┌──

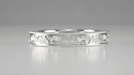 Inspired by 1920's jazz age Gatsby style, this handsome antique reissue wedding band in white gold features an authentic Art Deco geometric hand engraved floral fan pattern which encircles the entire ring, bordered with shimmery millgrain edging.
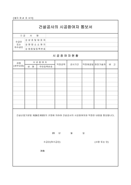 공사시공참여자통보서
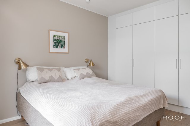- Seinät maalattu, lattia lankkumaista saarniparkettia. Kahdessa makuuhuoneessa kaapistot ja kolmannessa vaatehuone.

└──

#### [TASK INSTRUCTIONS]
The result should be the material above, unchanged and free of pictures; please print it.

#### [FINAL ANSWER]
 Inspired by 1920's jazz age Gatsby style, this handsome antique reissue wedding band in white gold features an authentic Art Deco geometric hand engraved floral fan pattern which encircles the entire ring, bordered with shimmery millgrain edging.
 공사시공참여자통보서
- Seinät maalattu, lattia lankkumaista saarniparkettia. Kahdessa makuuhuoneessa kaapistot ja kolmannessa vaatehuone.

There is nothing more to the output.